→ **YOUR OBJECTIVE**: Please, without any pictures, set down exactly the part of the listing below that opens with the line containing "To gain insight" and closes with the line containing "Roller conveyor, steel".
━━━━━ DATASET ENTRIES
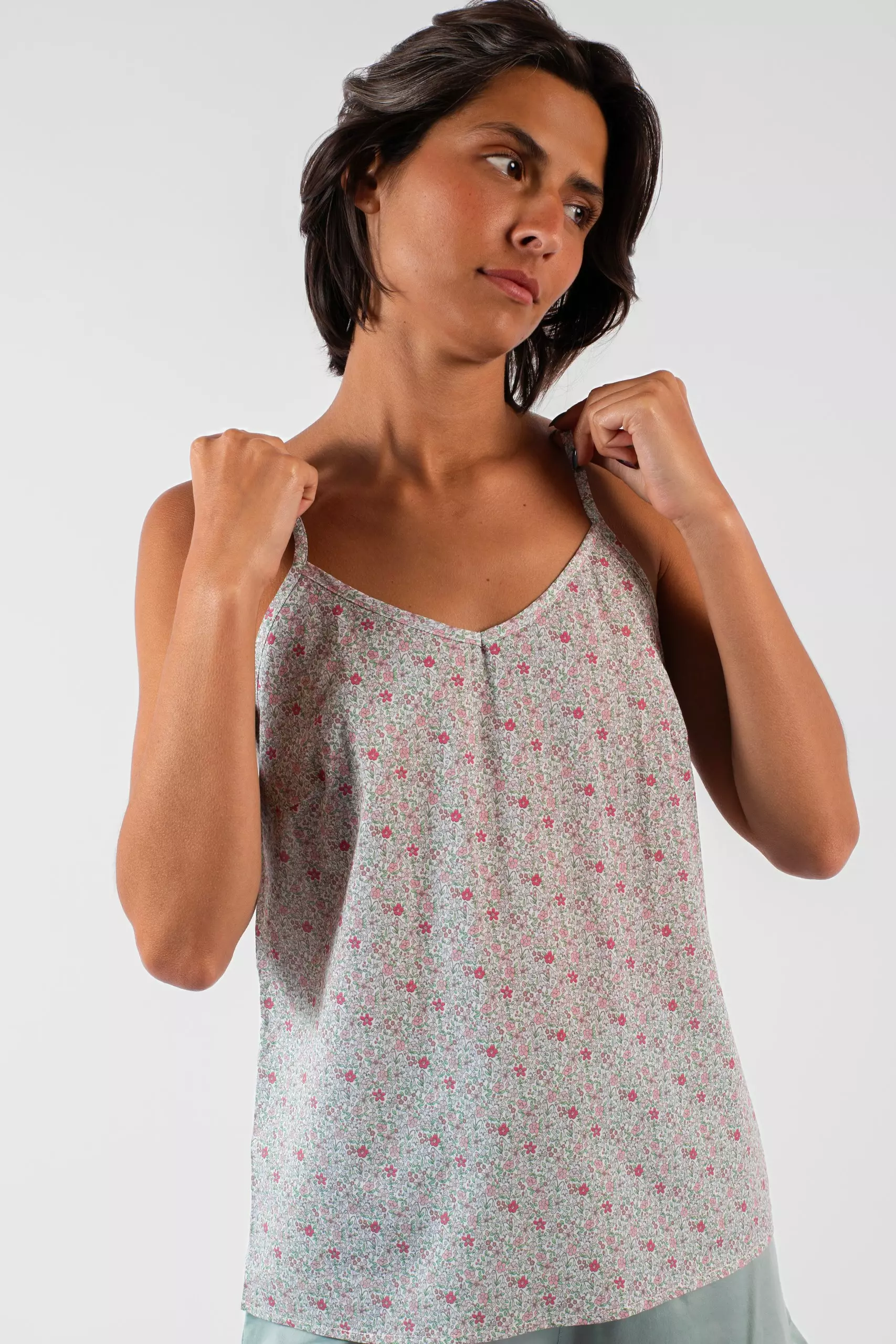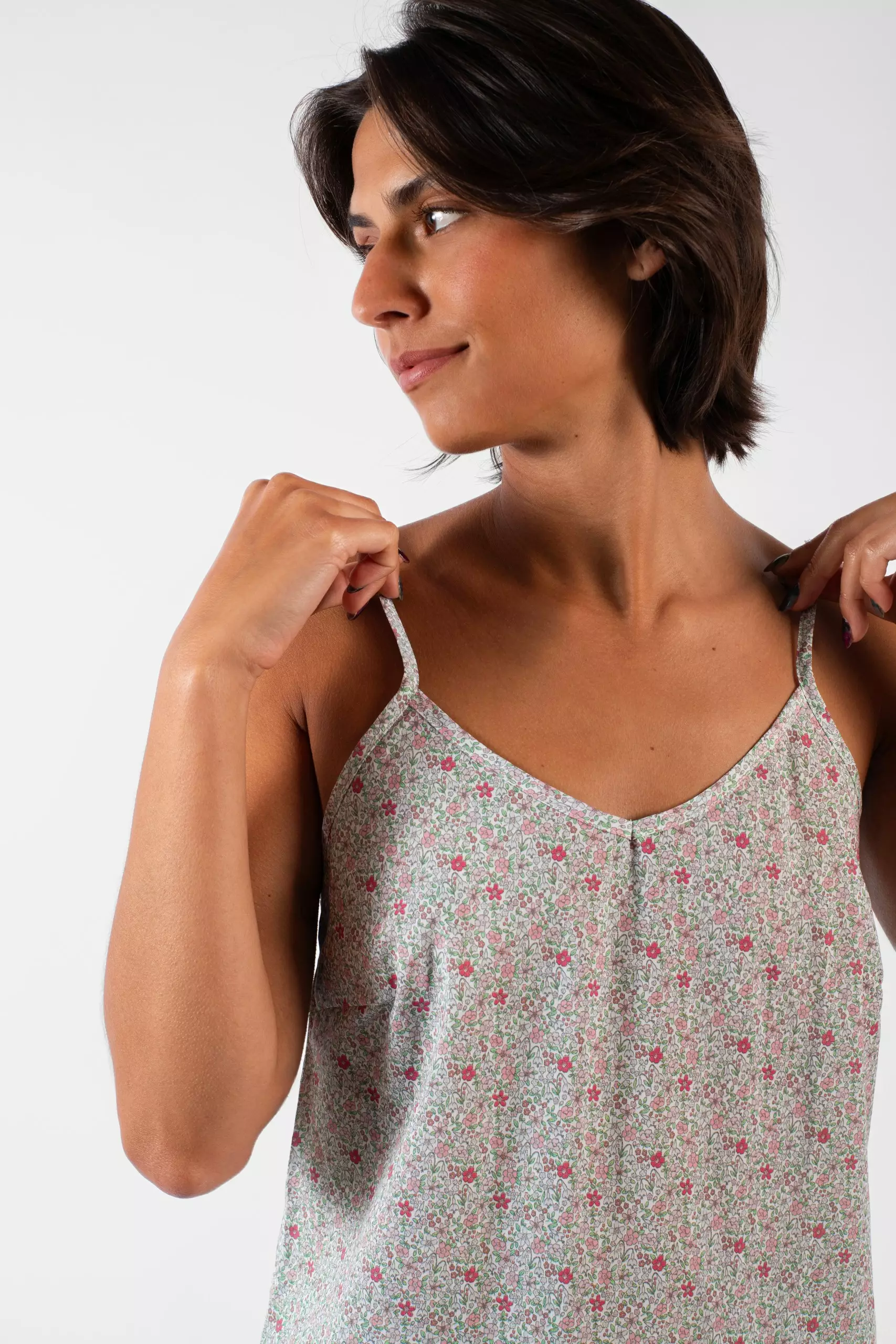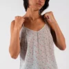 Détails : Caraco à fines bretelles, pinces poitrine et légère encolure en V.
━━━━━━━━━━
━━━━━ DATASET ENTRIES
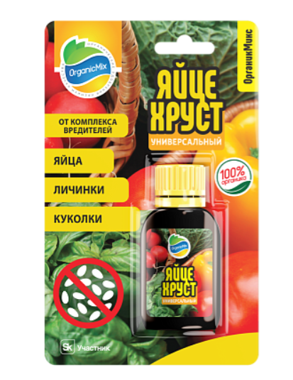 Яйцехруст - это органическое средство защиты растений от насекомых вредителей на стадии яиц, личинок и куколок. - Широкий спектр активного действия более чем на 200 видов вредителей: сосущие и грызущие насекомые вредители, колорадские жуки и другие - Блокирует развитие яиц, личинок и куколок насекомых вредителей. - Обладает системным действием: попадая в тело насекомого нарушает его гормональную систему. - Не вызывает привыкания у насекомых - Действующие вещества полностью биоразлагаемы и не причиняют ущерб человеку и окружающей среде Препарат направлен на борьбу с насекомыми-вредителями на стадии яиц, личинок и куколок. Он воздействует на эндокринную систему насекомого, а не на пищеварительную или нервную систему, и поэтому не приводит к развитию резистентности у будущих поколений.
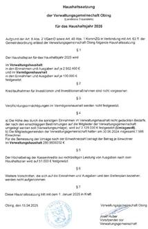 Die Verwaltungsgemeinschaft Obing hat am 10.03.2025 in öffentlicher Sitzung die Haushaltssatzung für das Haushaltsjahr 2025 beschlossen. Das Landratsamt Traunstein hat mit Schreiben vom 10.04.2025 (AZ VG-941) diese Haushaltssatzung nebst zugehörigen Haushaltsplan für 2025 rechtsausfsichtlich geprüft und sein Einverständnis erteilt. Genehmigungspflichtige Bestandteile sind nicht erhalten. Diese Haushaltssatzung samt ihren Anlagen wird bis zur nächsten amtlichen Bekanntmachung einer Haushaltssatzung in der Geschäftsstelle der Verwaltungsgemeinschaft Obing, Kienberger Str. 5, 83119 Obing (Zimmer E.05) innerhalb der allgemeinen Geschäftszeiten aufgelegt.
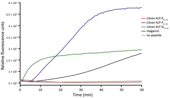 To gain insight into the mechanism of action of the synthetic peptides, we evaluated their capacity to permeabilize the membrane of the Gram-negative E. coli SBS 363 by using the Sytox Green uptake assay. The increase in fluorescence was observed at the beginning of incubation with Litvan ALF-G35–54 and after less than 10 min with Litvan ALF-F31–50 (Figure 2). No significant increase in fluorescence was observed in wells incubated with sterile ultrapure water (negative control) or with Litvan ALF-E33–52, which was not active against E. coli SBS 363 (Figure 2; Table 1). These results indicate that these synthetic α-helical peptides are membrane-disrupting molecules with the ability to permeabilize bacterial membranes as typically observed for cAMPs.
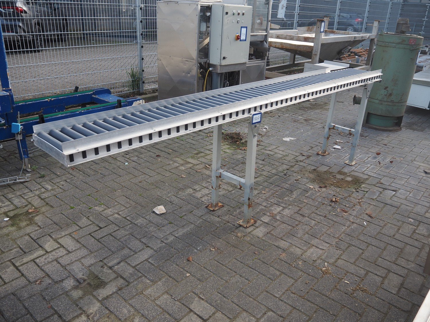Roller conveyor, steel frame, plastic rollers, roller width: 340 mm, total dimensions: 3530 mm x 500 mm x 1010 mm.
━━━━━━━━━━
→ **RESPONSE BELOW**:
 To gain insight into the mechanism of action of the synthetic peptides, we evaluated their capacity to permeabilize the membrane of the Gram-negative E. coli SBS 363 by using the Sytox Green uptake assay. The increase in fluorescence was observed at the beginning of incubation with Litvan ALF-G35–54 and after less than 10 min with Litvan ALF-F31–50 (Figure 2). No significant increase in fluorescence was observed in wells incubated with sterile ultrapure water (negative control) or with Litvan ALF-E33–52, which was not active against E. coli SBS 363 (Figure 2; Table 1). These results indicate that these synthetic α-helical peptides are membrane-disrupting molecules with the ability to permeabilize bacterial membranes as typically observed for cAMPs.
Roller conveyor, steel frame, plastic rollers, roller width: 340 mm, total dimensions: 3530 mm x 500 mm x 1010 mm.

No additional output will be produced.